## Information supplied:
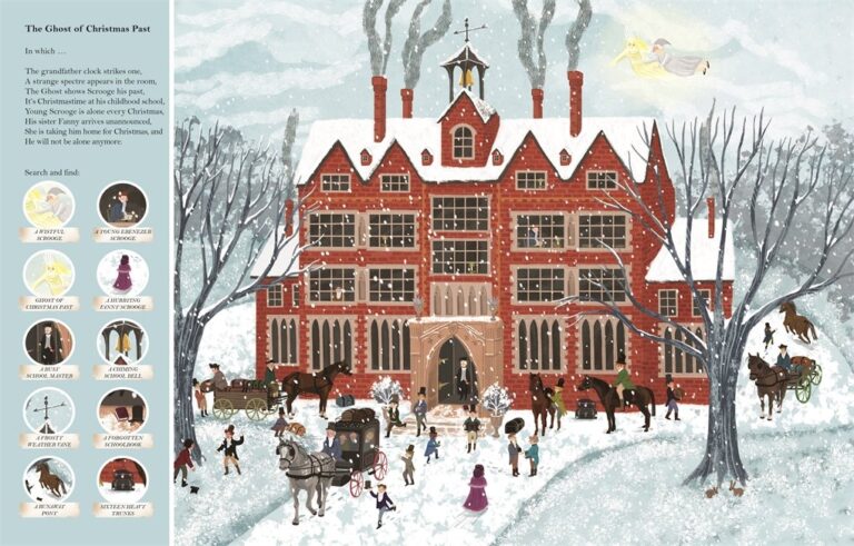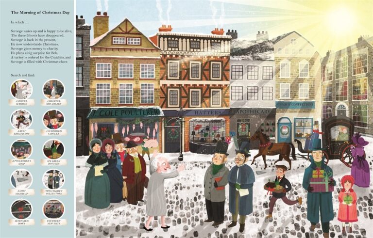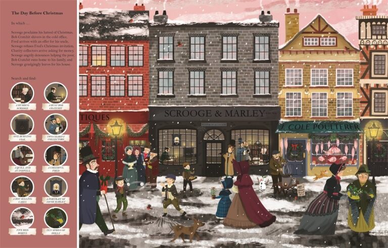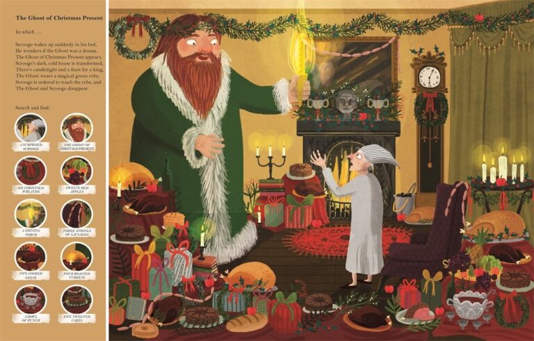 Discover the world of Charles Dickens with Search & Find A Christmas Carol. The popular, magical story is retold in beautifully illustrated search & find pages where you can find the characters on the busy pages and follow them through the story. Each page is full of characters to find and details to spot in the busy scenes, such as Scrooge in his counting house, the arrival of Jacob Marley’s ghost, the Fezziwig Christmas party and the Cratchit family at home on Christmas Day and many more.
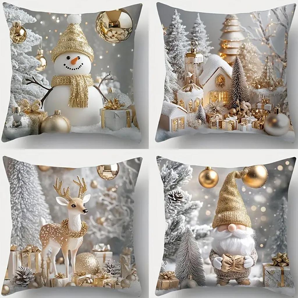 1pc White Golden Christmas Cushion Cover Snowman Dwarf Printed Durable Cover 2025 New for Home Ornament Xmas New Year Decoration
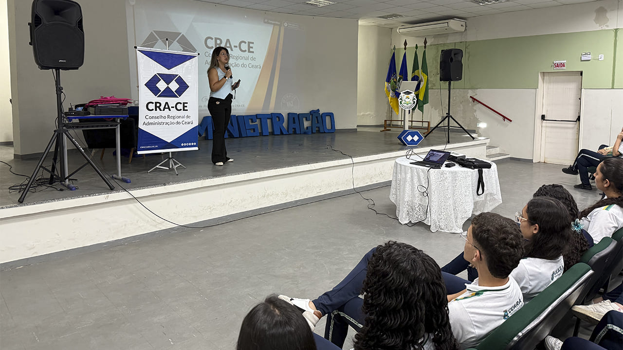 Durante o encontro, foram abordados temas relacionados à atuação profissional na área da Administração, destacando a importância da qualificação, do registro profissional e das oportunidades no mercado de trabalho para os futuros profissionais.
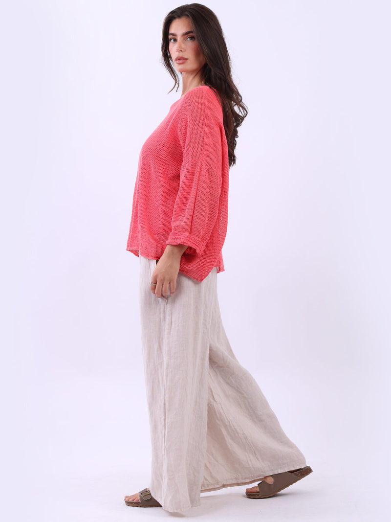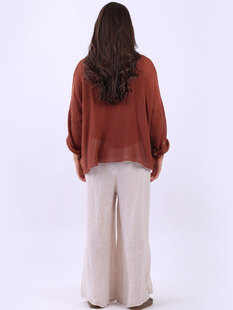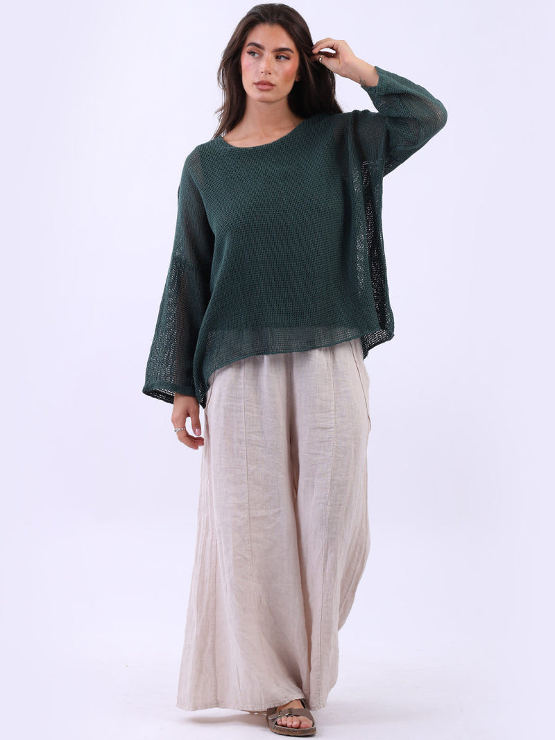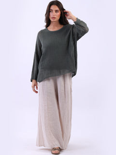 This women’s two-layered lagenlook mesh top is exactly what you need for those unpredictable autumn days! With its relaxed fit, simple round neckline, and long sleeves, it gives off that easy going Italian Moda vibe. Pair it with high-waist jeans and boots for a cosy, stylish fall look, or go for a more feminine touch by wearing it with a flowy skirt. Either way, it is a perfect pick for the season!

## Work instructions:
Write out the whole listing exactly. Do not include the pictures.

## Your response:
 Discover the world of Charles Dickens with Search & Find A Christmas Carol. The popular, magical story is retold in beautifully illustrated search & find pages where you can find the characters on the busy pages and follow them through the story. Each page is full of characters to find and details to spot in the busy scenes, such as Scrooge in his counting house, the arrival of Jacob Marley’s ghost, the Fezziwig Christmas party and the Cratchit family at home on Christmas Day and many more.
 1pc White Golden Christmas Cushion Cover Snowman Dwarf Printed Durable Cover 2025 New for Home Ornament Xmas New Year Decoration
 Durante o encontro, foram abordados temas relacionados à atuação profissional na área da Administração, destacando a importância da qualificação, do registro profissional e das oportunidades no mercado de trabalho para os futuros profissionais.
 This women’s two-layered lagenlook mesh top is exactly what you need for those unpredictable autumn days! With its relaxed fit, simple round neckline, and long sleeves, it gives off that easy going Italian Moda vibe. Pair it with high-waist jeans and boots for a cosy, stylish fall look, or go for a more feminine touch by wearing it with a flowy skirt. Either way, it is a perfect pick for the season!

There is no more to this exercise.